**PROBLEM STATEMENT**
Although the data below contains pictures, output only the lines between those holding "of quartz. |" and "2025年注冊計量師職業(y", inclusive, exactly and without those pictures.

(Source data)
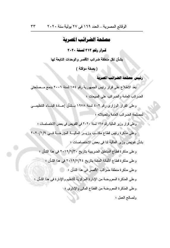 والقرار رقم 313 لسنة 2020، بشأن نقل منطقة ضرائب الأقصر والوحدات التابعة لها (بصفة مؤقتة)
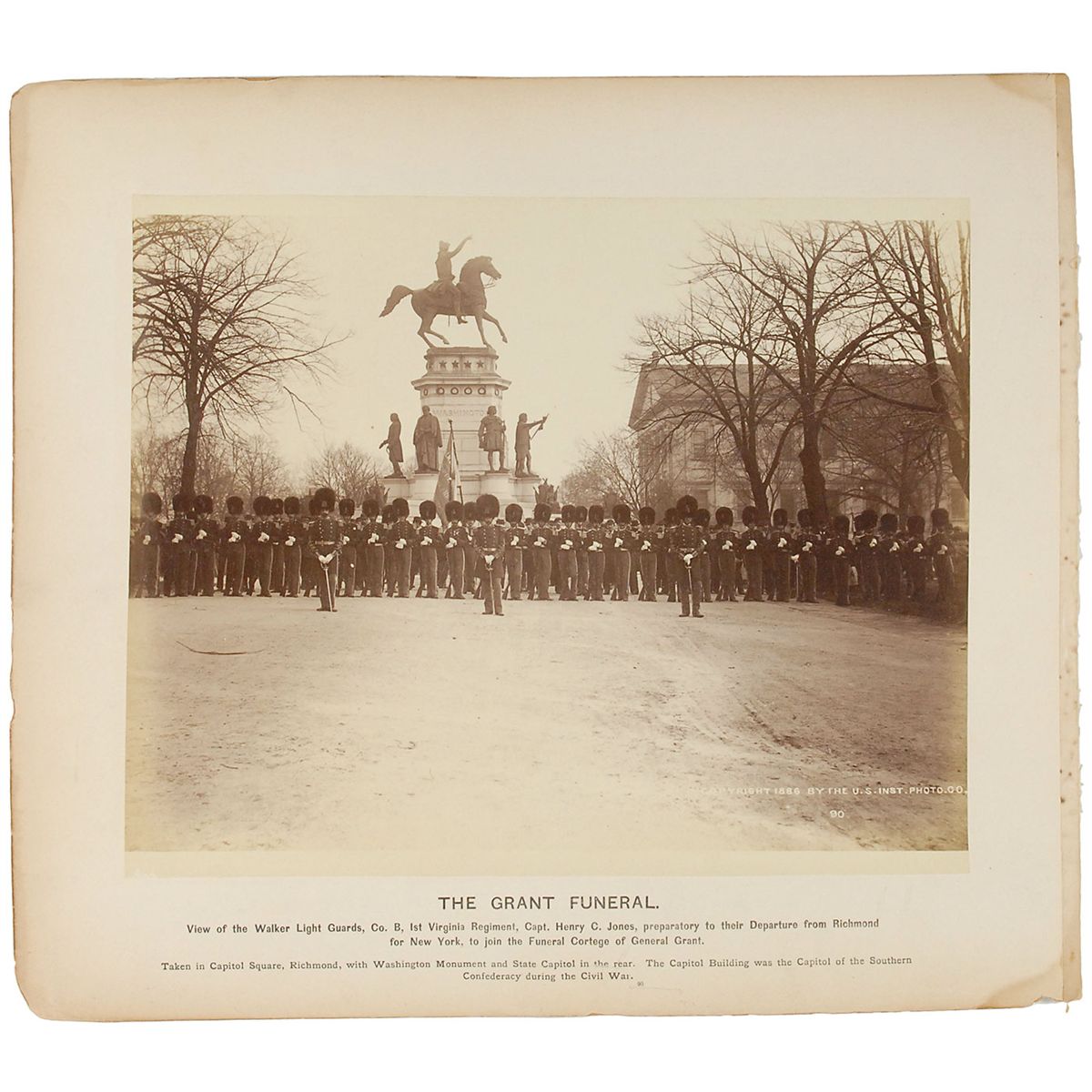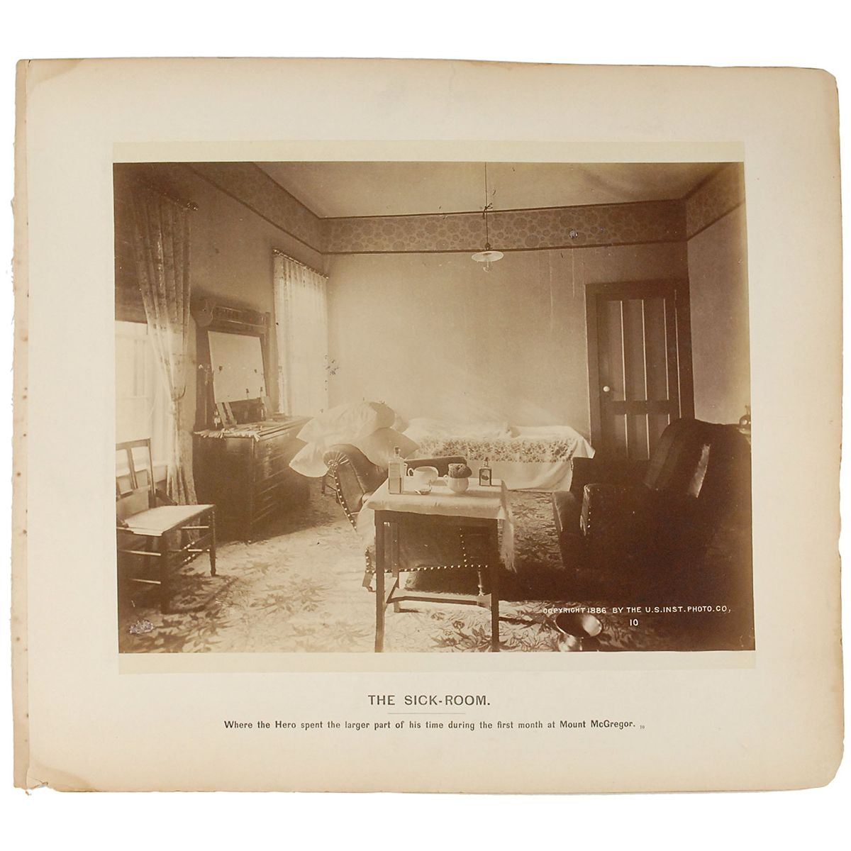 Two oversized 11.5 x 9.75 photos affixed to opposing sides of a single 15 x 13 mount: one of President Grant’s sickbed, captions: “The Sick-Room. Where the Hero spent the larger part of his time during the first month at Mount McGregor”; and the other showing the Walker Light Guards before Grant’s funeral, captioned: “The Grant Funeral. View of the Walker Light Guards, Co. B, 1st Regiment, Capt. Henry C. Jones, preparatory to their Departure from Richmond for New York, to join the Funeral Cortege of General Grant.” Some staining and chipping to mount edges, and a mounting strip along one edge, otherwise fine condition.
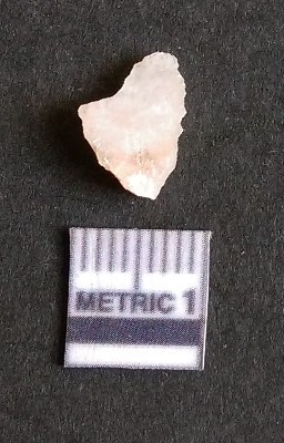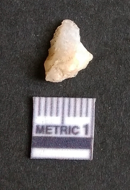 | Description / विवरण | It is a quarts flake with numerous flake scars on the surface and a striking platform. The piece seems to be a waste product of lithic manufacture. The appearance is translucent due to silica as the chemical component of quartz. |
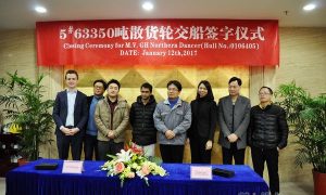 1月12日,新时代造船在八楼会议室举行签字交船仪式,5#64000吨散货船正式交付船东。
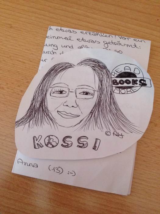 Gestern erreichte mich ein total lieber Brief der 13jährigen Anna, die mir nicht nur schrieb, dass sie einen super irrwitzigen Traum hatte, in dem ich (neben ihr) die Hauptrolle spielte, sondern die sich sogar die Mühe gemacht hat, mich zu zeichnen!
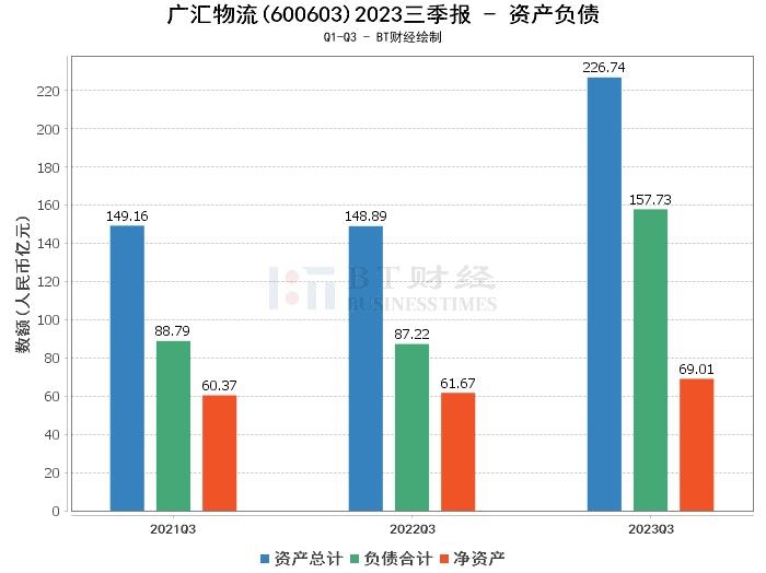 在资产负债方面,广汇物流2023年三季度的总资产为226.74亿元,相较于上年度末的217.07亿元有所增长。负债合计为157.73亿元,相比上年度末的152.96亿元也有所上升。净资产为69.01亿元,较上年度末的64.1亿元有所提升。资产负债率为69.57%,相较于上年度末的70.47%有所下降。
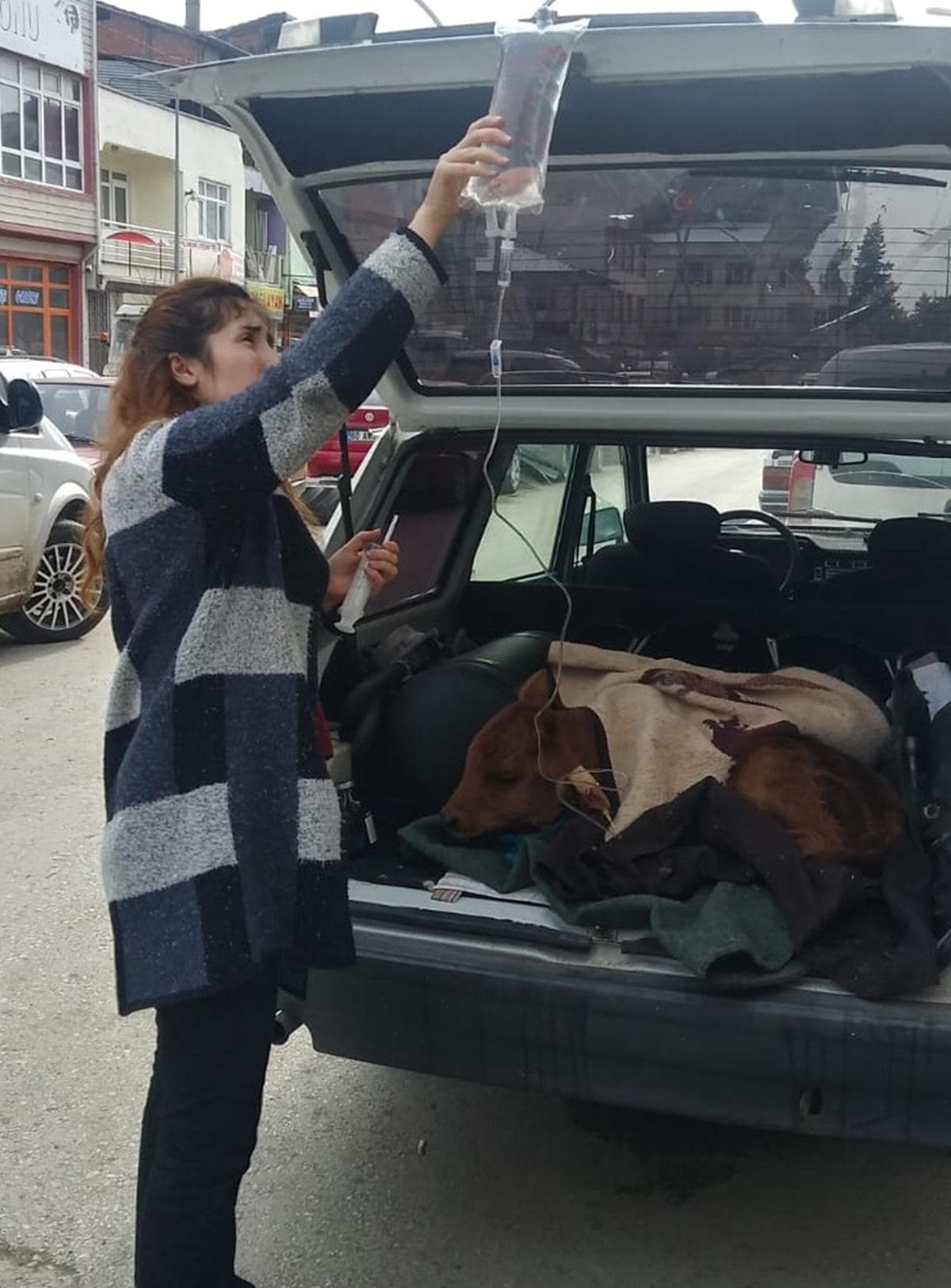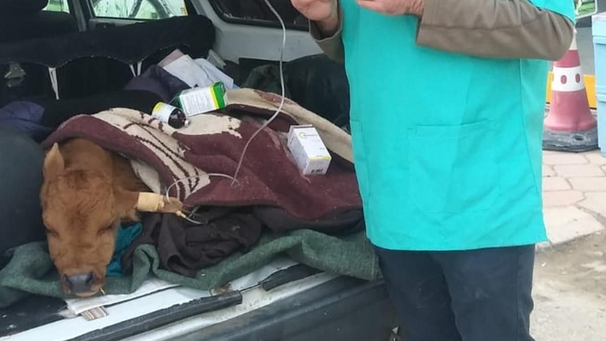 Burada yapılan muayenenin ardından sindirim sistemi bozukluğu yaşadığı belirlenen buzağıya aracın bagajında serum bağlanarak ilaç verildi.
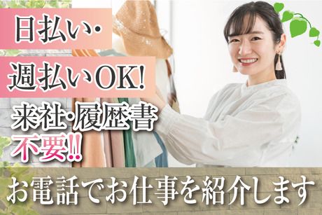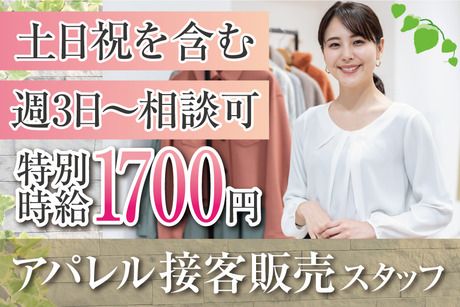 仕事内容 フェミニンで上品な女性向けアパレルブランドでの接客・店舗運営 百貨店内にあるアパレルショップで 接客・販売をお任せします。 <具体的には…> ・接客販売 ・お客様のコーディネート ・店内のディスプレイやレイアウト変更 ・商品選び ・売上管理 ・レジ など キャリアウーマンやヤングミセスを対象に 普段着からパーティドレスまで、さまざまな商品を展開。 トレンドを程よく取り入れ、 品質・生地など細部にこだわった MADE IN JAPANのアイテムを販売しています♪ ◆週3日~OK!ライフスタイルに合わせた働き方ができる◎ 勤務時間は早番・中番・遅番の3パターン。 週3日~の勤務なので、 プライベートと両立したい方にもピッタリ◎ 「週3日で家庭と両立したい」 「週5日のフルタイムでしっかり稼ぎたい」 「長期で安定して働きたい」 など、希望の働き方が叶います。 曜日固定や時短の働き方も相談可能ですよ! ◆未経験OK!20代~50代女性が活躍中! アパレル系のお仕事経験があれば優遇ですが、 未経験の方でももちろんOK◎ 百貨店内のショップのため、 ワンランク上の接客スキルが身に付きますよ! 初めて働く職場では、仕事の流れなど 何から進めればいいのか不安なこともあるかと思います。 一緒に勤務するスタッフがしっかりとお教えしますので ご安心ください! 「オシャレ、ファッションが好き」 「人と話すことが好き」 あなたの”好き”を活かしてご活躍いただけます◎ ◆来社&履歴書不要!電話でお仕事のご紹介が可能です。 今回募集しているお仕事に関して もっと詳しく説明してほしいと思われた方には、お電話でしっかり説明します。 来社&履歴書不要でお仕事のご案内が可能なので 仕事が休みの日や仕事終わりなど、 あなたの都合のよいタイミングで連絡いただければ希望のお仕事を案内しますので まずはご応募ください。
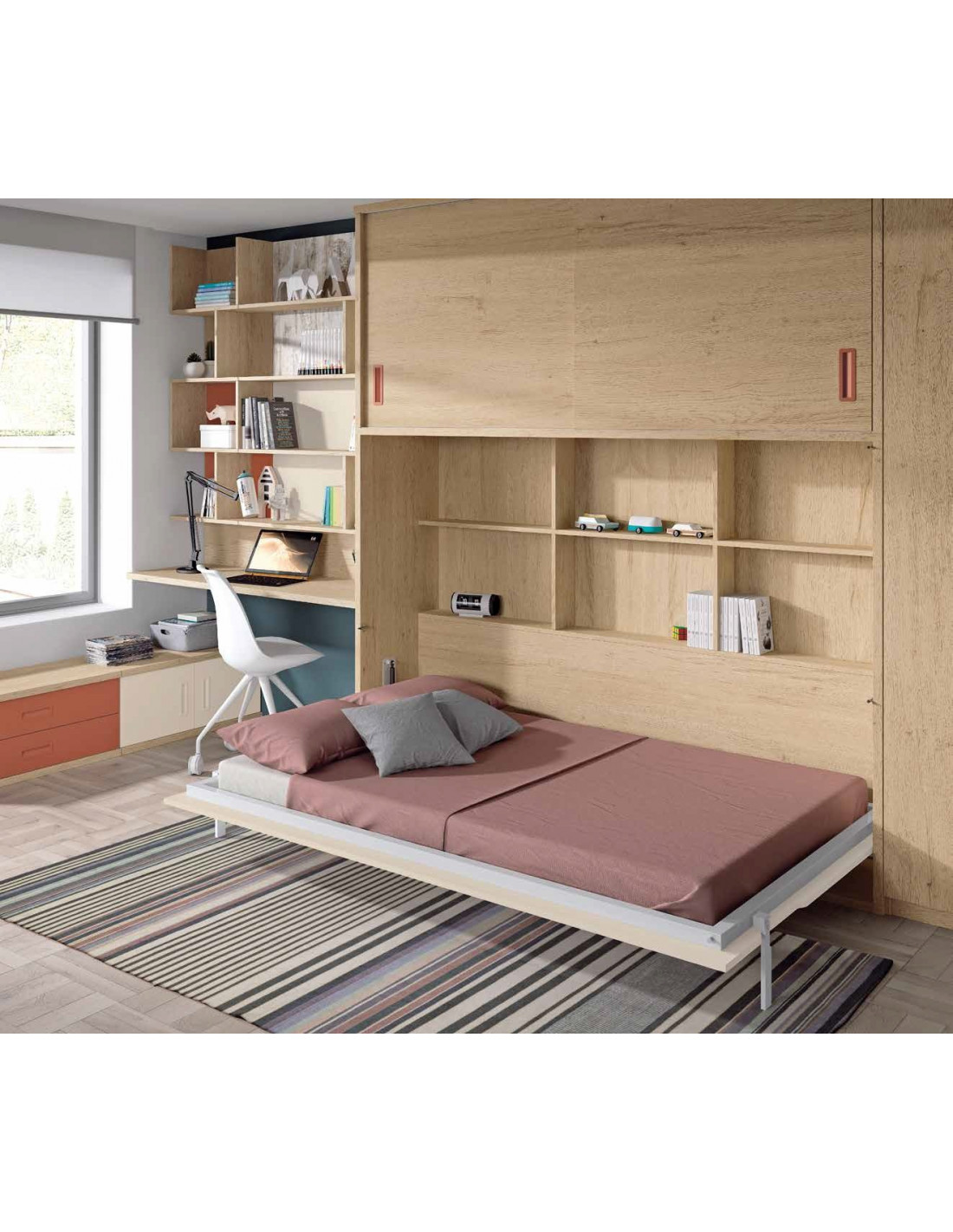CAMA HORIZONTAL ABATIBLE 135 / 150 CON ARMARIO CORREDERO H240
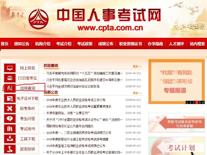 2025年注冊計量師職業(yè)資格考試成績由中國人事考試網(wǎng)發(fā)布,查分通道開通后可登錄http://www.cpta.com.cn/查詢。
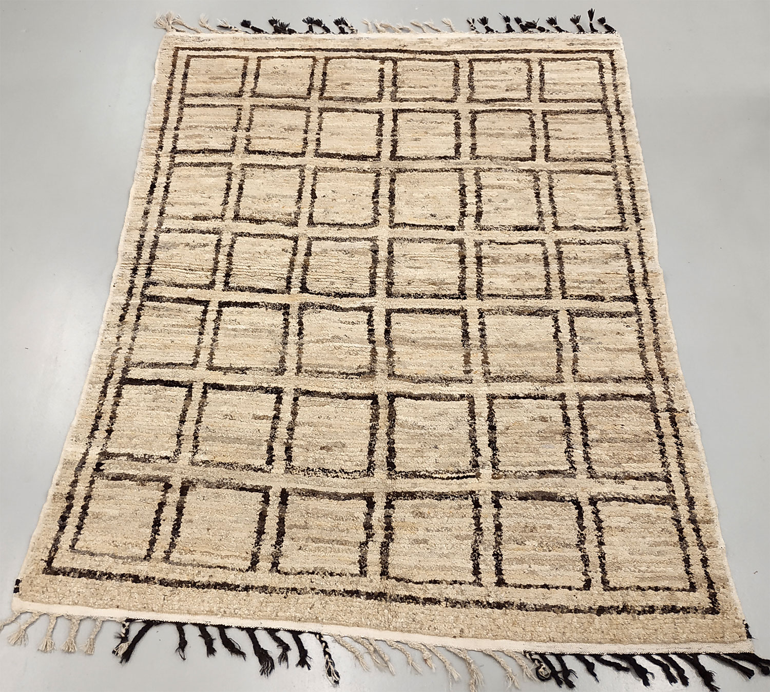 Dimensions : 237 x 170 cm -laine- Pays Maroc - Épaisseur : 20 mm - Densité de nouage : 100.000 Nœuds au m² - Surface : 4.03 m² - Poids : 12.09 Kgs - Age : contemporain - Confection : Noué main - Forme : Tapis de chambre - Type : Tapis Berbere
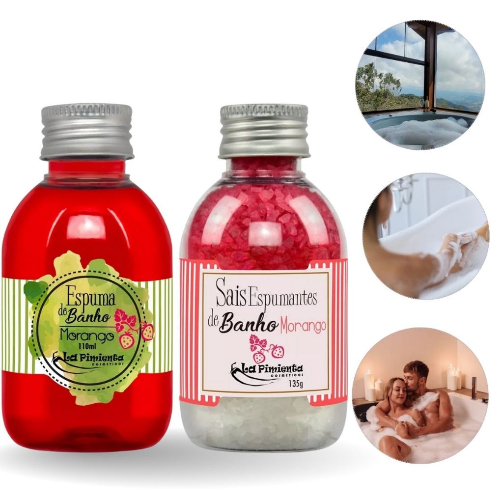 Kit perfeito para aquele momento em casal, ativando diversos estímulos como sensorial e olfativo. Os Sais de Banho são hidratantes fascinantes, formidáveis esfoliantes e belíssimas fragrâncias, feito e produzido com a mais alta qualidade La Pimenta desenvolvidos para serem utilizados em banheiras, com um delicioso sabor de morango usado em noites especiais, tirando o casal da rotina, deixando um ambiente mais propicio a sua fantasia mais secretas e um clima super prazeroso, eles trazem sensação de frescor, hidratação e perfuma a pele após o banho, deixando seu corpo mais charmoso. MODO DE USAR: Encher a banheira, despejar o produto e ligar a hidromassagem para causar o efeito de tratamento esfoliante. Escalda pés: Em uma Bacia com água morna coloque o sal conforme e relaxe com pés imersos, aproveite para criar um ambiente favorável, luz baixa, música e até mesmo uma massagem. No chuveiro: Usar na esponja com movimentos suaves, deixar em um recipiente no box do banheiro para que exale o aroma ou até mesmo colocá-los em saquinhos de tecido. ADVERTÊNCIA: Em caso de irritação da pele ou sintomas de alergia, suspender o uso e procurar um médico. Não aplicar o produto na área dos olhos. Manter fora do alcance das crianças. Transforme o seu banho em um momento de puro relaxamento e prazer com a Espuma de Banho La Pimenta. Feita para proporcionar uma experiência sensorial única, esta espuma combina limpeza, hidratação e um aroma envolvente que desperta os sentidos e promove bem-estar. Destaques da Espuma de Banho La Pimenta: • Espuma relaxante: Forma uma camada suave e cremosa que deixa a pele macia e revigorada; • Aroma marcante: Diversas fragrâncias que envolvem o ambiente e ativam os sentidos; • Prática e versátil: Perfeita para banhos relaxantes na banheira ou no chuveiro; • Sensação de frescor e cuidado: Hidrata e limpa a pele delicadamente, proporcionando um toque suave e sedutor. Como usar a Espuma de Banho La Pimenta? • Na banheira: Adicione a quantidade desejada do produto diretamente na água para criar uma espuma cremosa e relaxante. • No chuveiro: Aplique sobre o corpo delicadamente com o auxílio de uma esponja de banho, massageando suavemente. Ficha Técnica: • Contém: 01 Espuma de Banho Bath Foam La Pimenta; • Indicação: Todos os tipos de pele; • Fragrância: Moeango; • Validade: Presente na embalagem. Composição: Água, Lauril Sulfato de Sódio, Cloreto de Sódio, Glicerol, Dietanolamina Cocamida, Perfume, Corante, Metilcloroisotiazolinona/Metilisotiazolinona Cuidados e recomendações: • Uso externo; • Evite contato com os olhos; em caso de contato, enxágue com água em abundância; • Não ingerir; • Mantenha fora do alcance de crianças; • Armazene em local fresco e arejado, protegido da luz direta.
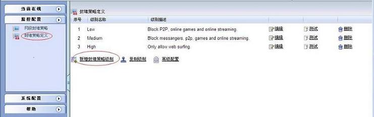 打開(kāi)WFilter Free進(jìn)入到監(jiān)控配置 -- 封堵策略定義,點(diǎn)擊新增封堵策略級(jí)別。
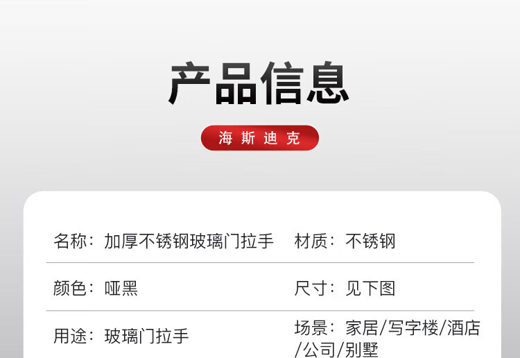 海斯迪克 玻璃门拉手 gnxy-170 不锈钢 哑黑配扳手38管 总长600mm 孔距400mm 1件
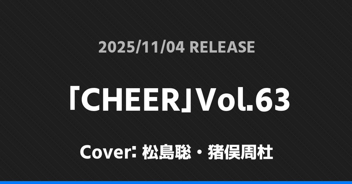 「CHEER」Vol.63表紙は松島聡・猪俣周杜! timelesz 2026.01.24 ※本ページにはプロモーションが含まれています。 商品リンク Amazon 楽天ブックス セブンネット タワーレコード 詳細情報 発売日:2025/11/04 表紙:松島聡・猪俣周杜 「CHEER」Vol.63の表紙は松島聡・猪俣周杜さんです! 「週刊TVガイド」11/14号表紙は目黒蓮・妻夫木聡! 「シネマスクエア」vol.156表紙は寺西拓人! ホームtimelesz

**REPLY TO THE TASK**
 | Description / विवरण | It is a quarts flake with numerous flake scars on the surface and a striking platform. The piece seems to be a waste product of lithic manufacture. The appearance is translucent due to silica as the chemical component of quartz. |
 1月12日,新时代造船在八楼会议室举行签字交船仪式,5#64000吨散货船正式交付船东。
 Gestern erreichte mich ein total lieber Brief der 13jährigen Anna, die mir nicht nur schrieb, dass sie einen super irrwitzigen Traum hatte, in dem ich (neben ihr) die Hauptrolle spielte, sondern die sich sogar die Mühe gemacht hat, mich zu zeichnen!
 在资产负债方面,广汇物流2023年三季度的总资产为226.74亿元,相较于上年度末的217.07亿元有所增长。负债合计为157.73亿元,相比上年度末的152.96亿元也有所上升。净资产为69.01亿元,较上年度末的64.1亿元有所提升。资产负债率为69.57%,相较于上年度末的70.47%有所下降。
 Burada yapılan muayenenin ardından sindirim sistemi bozukluğu yaşadığı belirlenen buzağıya aracın bagajında serum bağlanarak ilaç verildi.
 仕事内容 フェミニンで上品な女性向けアパレルブランドでの接客・店舗運営 百貨店内にあるアパレルショップで 接客・販売をお任せします。 <具体的には…> ・接客販売 ・お客様のコーディネート ・店内のディスプレイやレイアウト変更 ・商品選び ・売上管理 ・レジ など キャリアウーマンやヤングミセスを対象に 普段着からパーティドレスまで、さまざまな商品を展開。 トレンドを程よく取り入れ、 品質・生地など細部にこだわった MADE IN JAPANのアイテムを販売しています♪ ◆週3日~OK!ライフスタイルに合わせた働き方ができる◎ 勤務時間は早番・中番・遅番の3パターン。 週3日~の勤務なので、 プライベートと両立したい方にもピッタリ◎ 「週3日で家庭と両立したい」 「週5日のフルタイムでしっかり稼ぎたい」 「長期で安定して働きたい」 など、希望の働き方が叶います。 曜日固定や時短の働き方も相談可能ですよ! ◆未経験OK!20代~50代女性が活躍中! アパレル系のお仕事経験があれば優遇ですが、 未経験の方でももちろんOK◎ 百貨店内のショップのため、 ワンランク上の接客スキルが身に付きますよ! 初めて働く職場では、仕事の流れなど 何から進めればいいのか不安なこともあるかと思います。 一緒に勤務するスタッフがしっかりとお教えしますので ご安心ください! 「オシャレ、ファッションが好き」 「人と話すことが好き」 あなたの”好き”を活かしてご活躍いただけます◎ ◆来社&履歴書不要!電話でお仕事のご紹介が可能です。 今回募集しているお仕事に関して もっと詳しく説明してほしいと思われた方には、お電話でしっかり説明します。 来社&履歴書不要でお仕事のご案内が可能なので 仕事が休みの日や仕事終わりなど、 あなたの都合のよいタイミングで連絡いただければ希望のお仕事を案内しますので まずはご応募ください。
CAMA HORIZONTAL ABATIBLE 135 / 150 CON ARMARIO CORREDERO H240
 2025年注冊計量師職業(yè)資格考試成績由中國人事考試網(wǎng)發(fā)布,查分通道開通后可登錄http://www.cpta.com.cn/查詢。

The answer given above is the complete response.